German actor and TV host

Joachim "Blacky" Fuchsberger (/de/; 11 March 1927 – 11 September 2014) was a German actor and television host, best known to a wide German-speaking audience as one of the recurring actors in various Edgar Wallace movies (often a Detective Inspector with Scotland Yard). In the English-speaking world, he was sometimes credited as Akim Berg or Berger.

==Life and career==
Fuchsberger was born in Zuffenhausen, today a district of Stuttgart, and was a member of the obligatory Hitler Youth. During World War II, at the age of 16, he was trained as a Fallschirmjäger, combat instructor and sent to the Eastern Front where he was wounded. He was captured in a hospital in Stralsund by the Red Army and came into Soviet captivity and later in American and British captivity. Because of this turbulent time of his youth in Second World War, he never obtained a school diploma. In 1946, he worked as a coal miner for the British in Recklinghausen. His nickname Blacky hails from that time.
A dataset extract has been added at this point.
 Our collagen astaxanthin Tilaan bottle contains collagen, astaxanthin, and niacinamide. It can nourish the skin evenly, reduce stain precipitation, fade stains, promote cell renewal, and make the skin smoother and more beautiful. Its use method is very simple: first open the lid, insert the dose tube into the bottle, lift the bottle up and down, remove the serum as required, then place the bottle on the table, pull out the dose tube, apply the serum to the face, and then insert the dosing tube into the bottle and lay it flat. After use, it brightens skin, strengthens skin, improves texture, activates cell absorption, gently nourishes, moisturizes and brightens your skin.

After his release, he worked as an engineer for typesetting and printing machines in the family business and later in a publishing house in Düsseldorf. In 1949, he was advertising manager of the German Building Exhibition in Nuremberg. From 1950 to 1952, he was spokesman at the radio station in Munich and newsreel spokesman. In 1951, he married the pop singer Gitta Lind, from whom he divorced after two years. In 1954 he married the radio technician and actress Gundula Korte (born 24 March 1930), with whom he has a son. In the same year he had his breakthrough playing "Gunner Asch" in the three-part war film 08/15 film series, based on the novel by Hans Hellmut Kirst.

After several war films, he starred in the 1959 film Der Frosch mit der Maske (The Frog with the Mask) playing amateur detective Richard Gordon. More than 3.2 million visitors saw the movie in the cinema. The surprising success laid the foundation for many other film adaptations of novels by Edgar Wallace.
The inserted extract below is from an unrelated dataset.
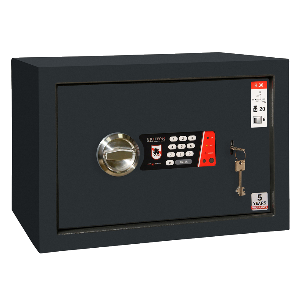 Сейф R.30.K.E 300х430х320мм — оптимальный и надежный вариант изделий для хранения ценностей и документации в любом доме или учреждении. Преимущества данной серии: толщина двери 5 мм, толщина корпуса 2 мм, оборудованы стальными ригелями, кассой, съемной полкой.

After this success, he played the detective in another 12 Edgar Wallace films: 1960 – Chief Inspector Long in The Terrible People; 1961 – Inspector Larry Holt in The Dead Eyes of London; 1961 – Insurance Agent Jack Tarling in The Devil's Daffodil; 1961 – Inspector Mike Dorn in The Strange Countess; 1962 – Inspector Wade in The Inn on the River; 1963 – Clifford Lynne in Der Fluch der gelben Schlange (The Curse of the Yellow Snake); 1963 – Estate manager Dick Alford in The Black Abbot; 1964 – Investigator Johnny Gray in Room 13; 1964 – Inspector Higgins in Der Hexer (The Warlock); 1967 – Inspector Higgins in The College Girl Murders; 1968 – Inspector Higgins in Im Banne des Unheimlichen (Under the Spell of the Sinister); 1972 – Inspector Barth in What Have You Done to Solange?.
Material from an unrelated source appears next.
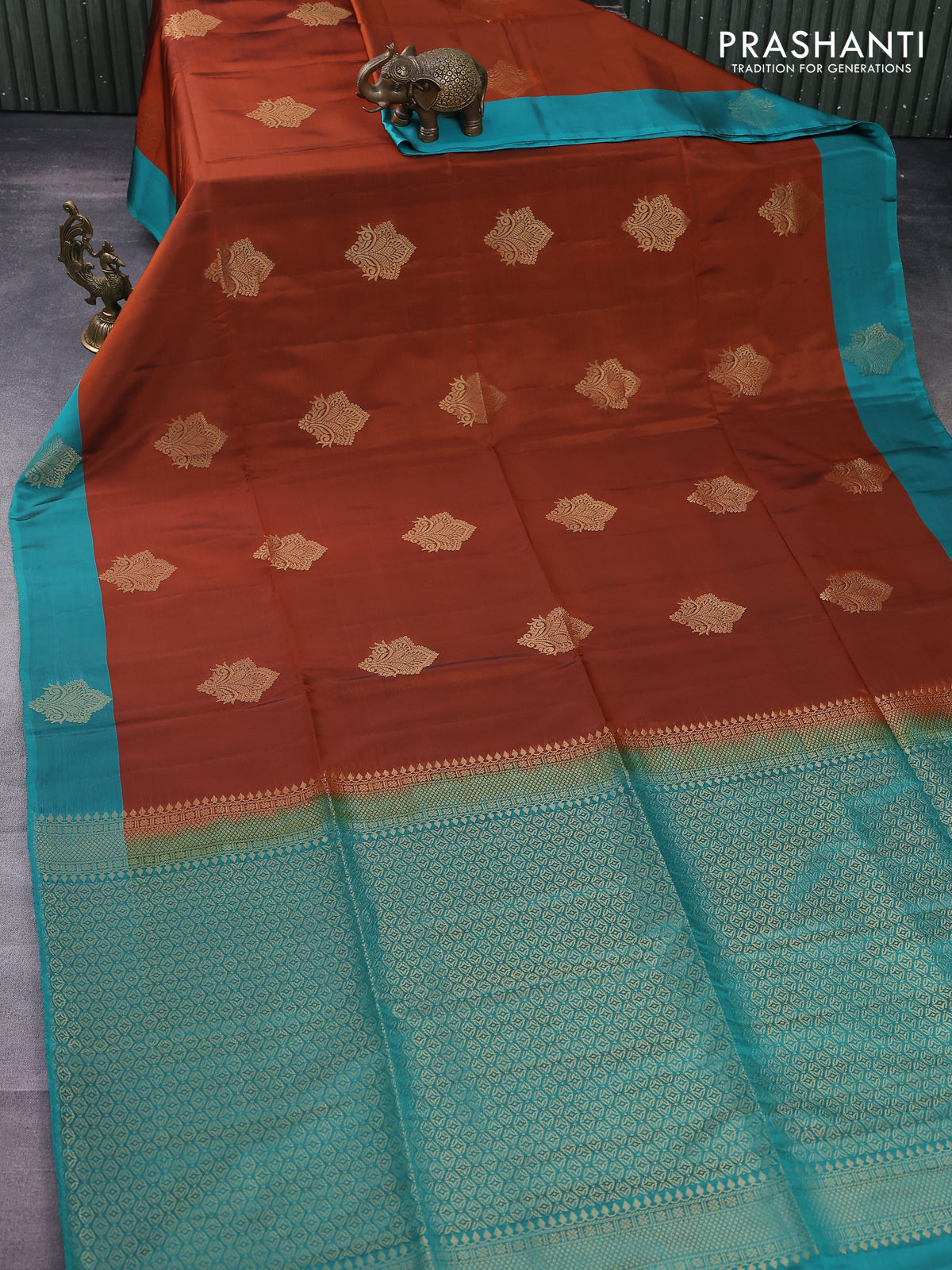 Kanchipuram soft silk saree rust shade and teal green with zari woven buttas and zari woven butta border

Fuchsberger was the stadium announcer for the opening and closing ceremonies of the 1972 Summer Olympics in Munich. During the closing ceremony, it was suspected that a hijacked passenger aircraft was on its way to the stadium. Fuchsberger, fearing a panic, decided against evacuation. This decision was vindicated when the original suspicion turned out to have been false.

In the late 1960s, Fuchsberger co-founded a real estate company that went bankrupt in a short time. At 42, he had lost his entire fortune, had to sell his villa and sat on a mountain of debt. With the help of his wife, Gundula, good friends and tireless work, he managed to discharge the debt and to start a new existence.

In 1978, he was bitten by a chimpanzee during a TV show and fell seriously ill with hepatitis B. He spent 4 months at the quarantine station and suffered through a depression but recovered. He withdrew from film and television work in the late 1970s and concentrated on his stage career. In the late 1990s he started reappearing in some television movies, which after a break he continued from the late 2000s until his death.

In 1984, he was the first German ambassador for UNICEF. On 13 November 2006, he was awarded the Bavarian State Medal for Social Services for those activities. Since 2009, Fuchsberger is member of the Board of Trustees of the 2011 FIFA Women's World Cup and co-patron of the volunteer program for the FIFA Women's World Cup 2011.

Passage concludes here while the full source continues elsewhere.